COLLECTED DATA:

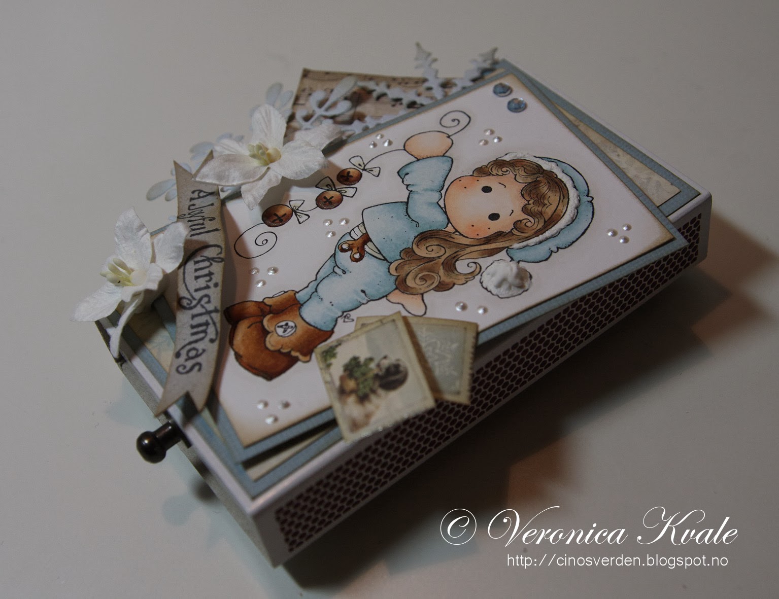 Sett fra siden. Jeg prøver å ikke ha så mye pynt på utsiden der man tenner fyrstikkene. Er jo ikke så mye om å gjøre å sette fyr på hele eska... De søte frimerkene kommer fra et mønsterark fra Pion Design.
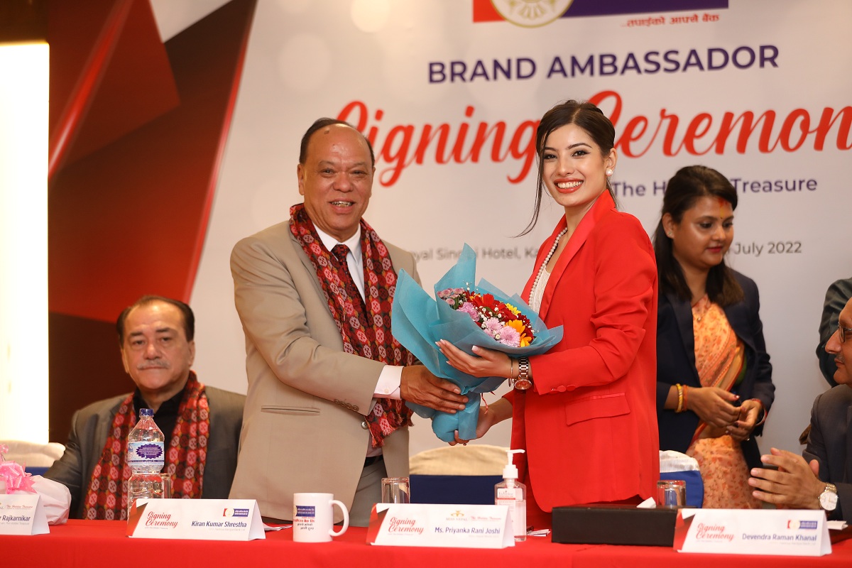 बैंक र दी हिडन ट्रेजर प्रा.लि. बिच भएको सम्झौतामा बैंकको तर्फबाट प्रमुख कार्यकारी अधिकृत किरणकुमार श्रेष्ठ र दी हिडन ट्रेजर प्रा.लिको तर्फबाट अध्यक्ष दीवाकर राजकर्णिकारले हस्ताक्षर गरी मिस नेपाल वल्र्ड–२०२२ प्रियंका रानी जोशीलाई ब्राण्ड एम्बासडरमा नियुक्त गरेका हुन् ।
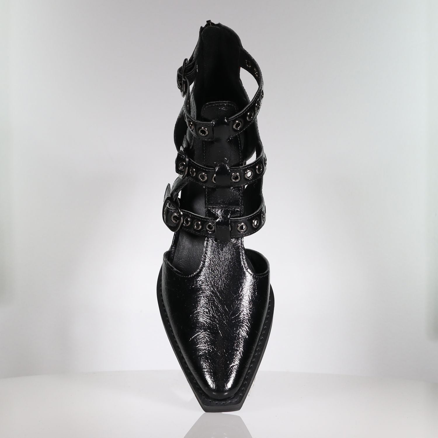 Its striking upper features eyeleted statement straps across the front with adjustable buckles to suit a variety of foot shapes, plus a back zip for easy on and off. Designed with a square round toe and stacked Cuban wood heel, Skyler brings runway-ready drama in every step. It’s the perfect power move for styling with denim, dresses, or sharp tailoring.
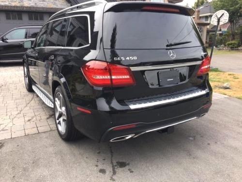 2018款美规奔驰GLS450颜色配置:黑色外观,咖色内饰,金属漆,P01包(环境氛围照明、前排发光迎宾踏板、车道跟踪组件/变道及盲点辅助、智能钥匙、硬盘导航、带记忆功能的前排座椅),全景天窗,外观包(20寸双五幅轮毂,发光脚踏),灯光包(双鹰眼氙灯带随动转向,LED日间行车灯,自适应远光灯),停车辅助包(环车影像,前后电眼),电吸门,哈曼卡顿音响,二排座椅电动,二排遮阳帘,方向盘加热,发光星标,拖车钩,镀烙包,杨木内饰,后排娱乐预留。

EXERCISE DETAILS:
Copy the entire listing exactly but skip the pictures.

EXERCISE RESULT:
 Sett fra siden. Jeg prøver å ikke ha så mye pynt på utsiden der man tenner fyrstikkene. Er jo ikke så mye om å gjøre å sette fyr på hele eska... De søte frimerkene kommer fra et mønsterark fra Pion Design.
 बैंक र दी हिडन ट्रेजर प्रा.लि. बिच भएको सम्झौतामा बैंकको तर्फबाट प्रमुख कार्यकारी अधिकृत किरणकुमार श्रेष्ठ र दी हिडन ट्रेजर प्रा.लिको तर्फबाट अध्यक्ष दीवाकर राजकर्णिकारले हस्ताक्षर गरी मिस नेपाल वल्र्ड–२०२२ प्रियंका रानी जोशीलाई ब्राण्ड एम्बासडरमा नियुक्त गरेका हुन् ।
 Its striking upper features eyeleted statement straps across the front with adjustable buckles to suit a variety of foot shapes, plus a back zip for easy on and off. Designed with a square round toe and stacked Cuban wood heel, Skyler brings runway-ready drama in every step. It’s the perfect power move for styling with denim, dresses, or sharp tailoring.
 2018款美规奔驰GLS450颜色配置:黑色外观,咖色内饰,金属漆,P01包(环境氛围照明、前排发光迎宾踏板、车道跟踪组件/变道及盲点辅助、智能钥匙、硬盘导航、带记忆功能的前排座椅),全景天窗,外观包(20寸双五幅轮毂,发光脚踏),灯光包(双鹰眼氙灯带随动转向,LED日间行车灯,自适应远光灯),停车辅助包(环车影像,前后电眼),电吸门,哈曼卡顿音响,二排座椅电动,二排遮阳帘,方向盘加热,发光星标,拖车钩,镀烙包,杨木内饰,后排娱乐预留。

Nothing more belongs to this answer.